Nonetheless, you don’t have to look too far to find retro schlock living up to its hype, reminding that in grindhouse days of yore big-screen movies could get away with considerably more crassness than they do now. One such cheerfully nasty oldie is Ruggero Deodato’s 1976 Italian Live Like a Cop, Die Like a Man, invitingly labeled as “ULTRA VIOLENCE from the director of Cannibal Holocaust.”

That 1980 milestone in the annals of yecch was still years away when Deodato and scenarist cop-flick specialist Fernando Di Leo delivered this crazy exercise in vigilante justice with a badge. Ray Lovelock and Marc Porel do the Starsky and Hutch thing as a Roman “special squad” police duo who always get their man — though to the exasperation of their superiors, said man always meets an bloody “accidental” death in the process of apprehension. In fact it’s acknowledged that the pair has criminal instincts. They’ve only chosen this side of the law to wreak as much violent havoc for kicks as possible and get away with it.
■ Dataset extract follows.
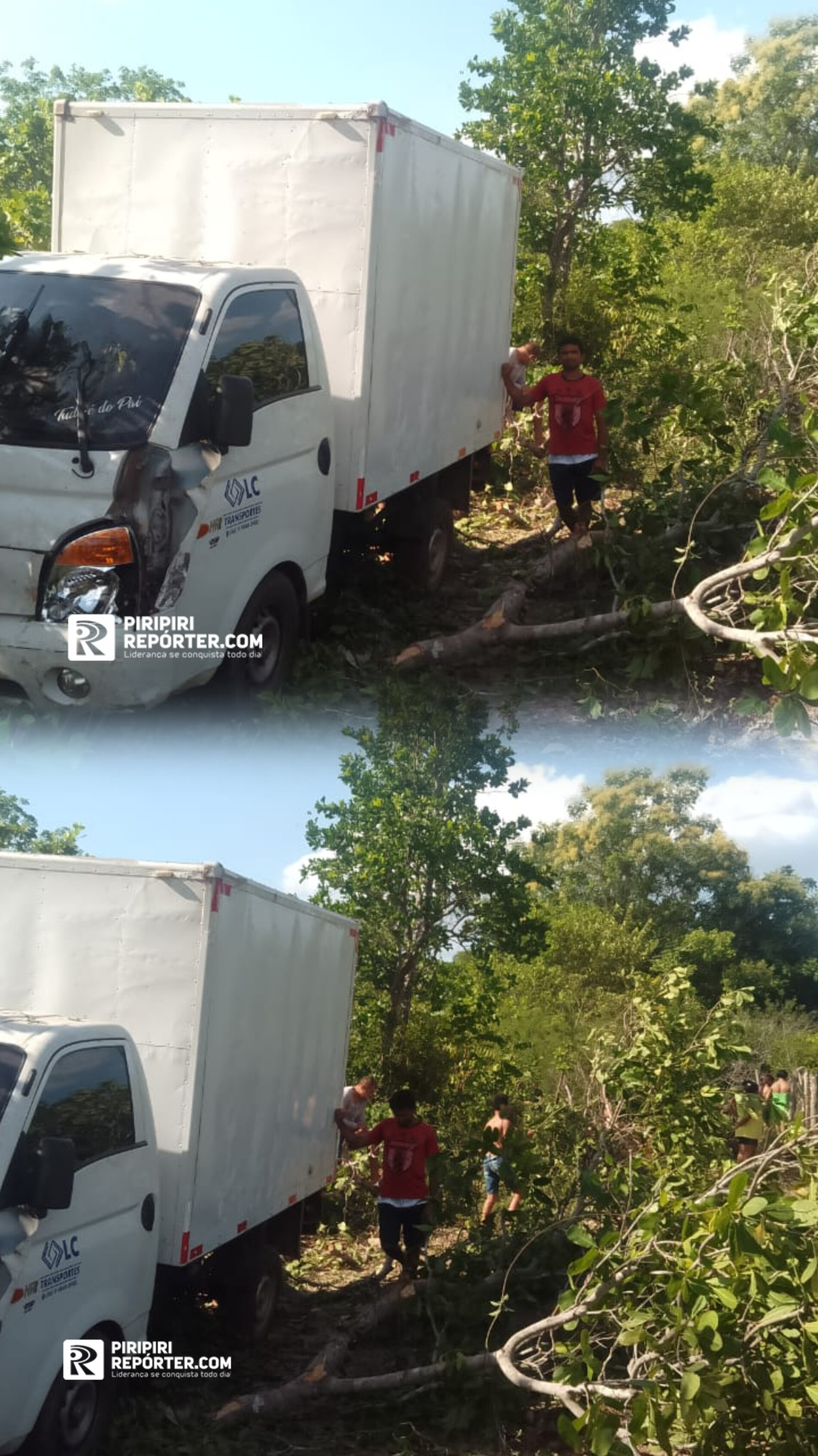 Um pequeno caminhão baú perdeu o controle devido a problemas na direção, que travou, fazendo com que o veículo descesse um barranco e colidisse com várias árvores na margem da estrada.

Swiss Porel and Italian Lovelock were two of the most beautiful men — we’re talking Alain Delon level here — in movies then. Deodato lets them act not just like a flippant thrill-crazed comedy team nonchalantly distributing harm everywhere they go, but like a couple close-knit in other ways. We see that they share the same bedroom (if not bed); the few times they express sexual interest, it’s to “take turns” with a woman in each other’s company. Such interludes clearly do no more than kill time for our prankster-hero psychopaths between the greater visceral rewards of reckless motorcycle chases (reportedly shot without permits in the heart of Rome) plus blowing and shooting stuff up. They’re adorably lethal.
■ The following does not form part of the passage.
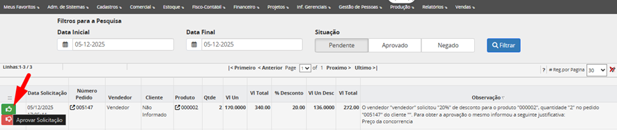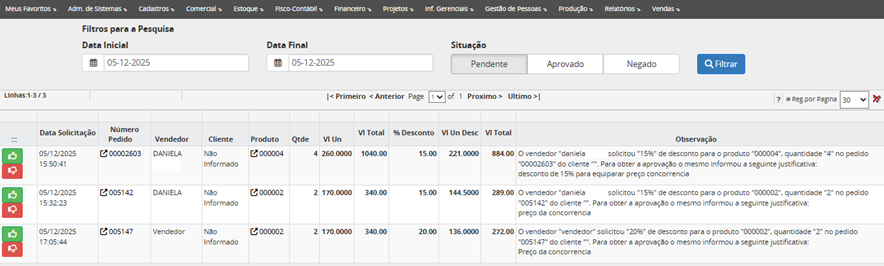 Abaixo o pedido agora com acréscimo de uma comissão de outro representante.

Speaking of vigilantism, few U.S. films ripped off the Death Wish (1974) formula — aside from Death Wish sequels, of course — with more lurid tactlessness than 1980’s The Exterminator, now out in a DVD/Blu-ray pack. Writer-director James Glickenhaus’ magnum opus has Robert Ginty as a Vietnam vet whose avenging of a comrade’s assault by Class of 1984-style “punks” snowballs into a general NYC cleanup campaign utilizing a flame thrower, machine gun, soldering iron, giant meat grinder, electric carving knife, and jazz great Stan Getz — well, he’s featured in a rare non-violent, wholly incongruous scene at a nightclub.

Lest we object to this unlawful justice, the perps pulverized include hoodlums who gut-punch old ladies and pimps who “serve young boys to perverts.” Tea Party logic is affirmed in an ending where FBI operatives, having slain our antihero (or so they think) on government orders because successful vigilantism makes public officials look bad at election time, smirk “Washington will be pleased.” Yeah, they’re all out to fuck ya! NRA 4-ever!

The Exterminator offered a cheap-thrills alternative to the original slasher wave. Gleefully surfing the latter’s blood tide is Alex Pucci’s Frat House Massacre, a belated DVD release that reprises the excesses of that era and then some.

With nary a dull (or tasteful) moment in its 116-minute director’s cut, this 2008 campus flashback has it all: psycho fraternity president, deliberately fatal hazings, rampant cocaine abuse, nasty sex and nastier sexism, boobs, a surprising surplus of well-toned male nudity, ludicrously gory murders, a disco production number, brutal towel-snapping, music by one of the Goblin guys (of 1977’s Suspiria fame), zero narrative continuity, and lines like “Studying always gets me horny.” Frat House Massacre would be a guilty pleasure if it weren’t clearly in on its own joke.